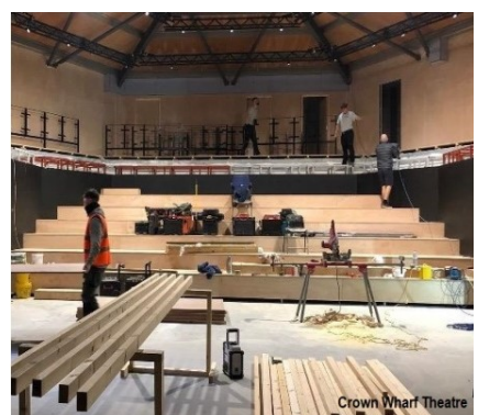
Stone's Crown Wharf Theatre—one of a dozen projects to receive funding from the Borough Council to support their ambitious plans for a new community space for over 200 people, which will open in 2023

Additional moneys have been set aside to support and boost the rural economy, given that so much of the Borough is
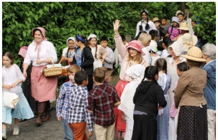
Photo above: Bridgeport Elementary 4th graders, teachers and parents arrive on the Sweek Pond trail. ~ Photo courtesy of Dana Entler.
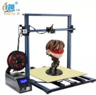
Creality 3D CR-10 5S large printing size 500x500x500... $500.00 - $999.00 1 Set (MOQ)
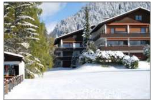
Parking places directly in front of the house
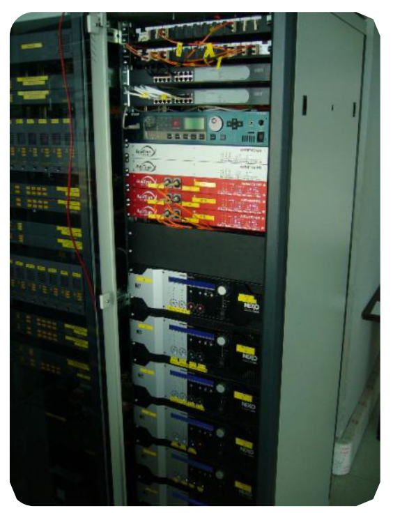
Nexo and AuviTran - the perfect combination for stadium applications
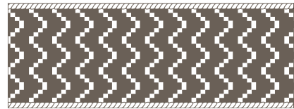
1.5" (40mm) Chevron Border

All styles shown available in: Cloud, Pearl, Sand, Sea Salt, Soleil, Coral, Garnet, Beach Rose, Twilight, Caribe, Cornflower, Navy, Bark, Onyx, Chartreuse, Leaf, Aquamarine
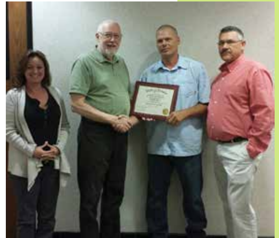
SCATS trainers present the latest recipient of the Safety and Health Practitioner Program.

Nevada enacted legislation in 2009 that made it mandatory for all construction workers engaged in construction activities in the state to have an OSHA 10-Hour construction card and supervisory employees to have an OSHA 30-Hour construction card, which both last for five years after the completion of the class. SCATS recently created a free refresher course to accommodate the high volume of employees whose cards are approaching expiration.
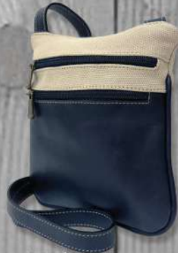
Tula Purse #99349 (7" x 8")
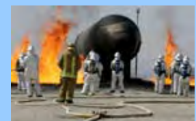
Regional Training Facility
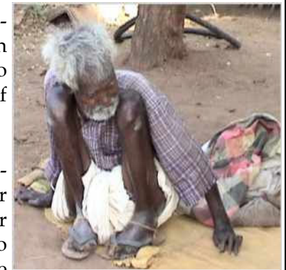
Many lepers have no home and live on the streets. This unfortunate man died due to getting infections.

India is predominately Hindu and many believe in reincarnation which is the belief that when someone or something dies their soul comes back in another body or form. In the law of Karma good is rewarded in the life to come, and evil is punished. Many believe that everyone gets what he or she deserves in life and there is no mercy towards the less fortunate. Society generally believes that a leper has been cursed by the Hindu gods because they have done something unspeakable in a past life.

──────────

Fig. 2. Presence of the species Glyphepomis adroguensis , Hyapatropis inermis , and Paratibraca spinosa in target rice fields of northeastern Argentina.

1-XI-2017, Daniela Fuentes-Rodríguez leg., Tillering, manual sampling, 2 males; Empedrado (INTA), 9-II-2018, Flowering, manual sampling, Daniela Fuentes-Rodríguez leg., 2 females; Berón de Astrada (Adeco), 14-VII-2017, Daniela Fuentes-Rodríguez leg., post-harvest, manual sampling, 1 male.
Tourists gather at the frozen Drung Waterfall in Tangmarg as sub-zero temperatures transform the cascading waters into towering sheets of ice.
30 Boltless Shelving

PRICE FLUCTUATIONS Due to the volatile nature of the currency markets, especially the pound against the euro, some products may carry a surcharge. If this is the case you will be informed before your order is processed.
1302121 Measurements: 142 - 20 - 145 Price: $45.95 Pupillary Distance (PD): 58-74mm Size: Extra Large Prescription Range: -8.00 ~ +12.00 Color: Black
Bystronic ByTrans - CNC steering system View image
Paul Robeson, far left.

──────────

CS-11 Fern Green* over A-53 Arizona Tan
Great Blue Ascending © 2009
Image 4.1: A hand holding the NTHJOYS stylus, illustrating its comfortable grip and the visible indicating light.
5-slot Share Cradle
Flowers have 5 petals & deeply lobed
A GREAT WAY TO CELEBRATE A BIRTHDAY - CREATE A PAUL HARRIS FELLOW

──────────

[EXERCISE GOAL]: Could you set down, exactly as written, the lines above between the one holding "30 Boltless Shelving" and the one holding "Paul Robeson, far left.", inclusive, and nothing more?

[SOLUTION BELOW]:
30 Boltless Shelving

PRICE FLUCTUATIONS Due to the volatile nature of the currency markets, especially the pound against the euro, some products may carry a surcharge. If this is the case you will be informed before your order is processed.
1302121 Measurements: 142 - 20 - 145 Price: $45.95 Pupillary Distance (PD): 58-74mm Size: Extra Large Prescription Range: -8.00 ~ +12.00 Color: Black
Bystronic ByTrans - CNC steering system View image
Paul Robeson, far left.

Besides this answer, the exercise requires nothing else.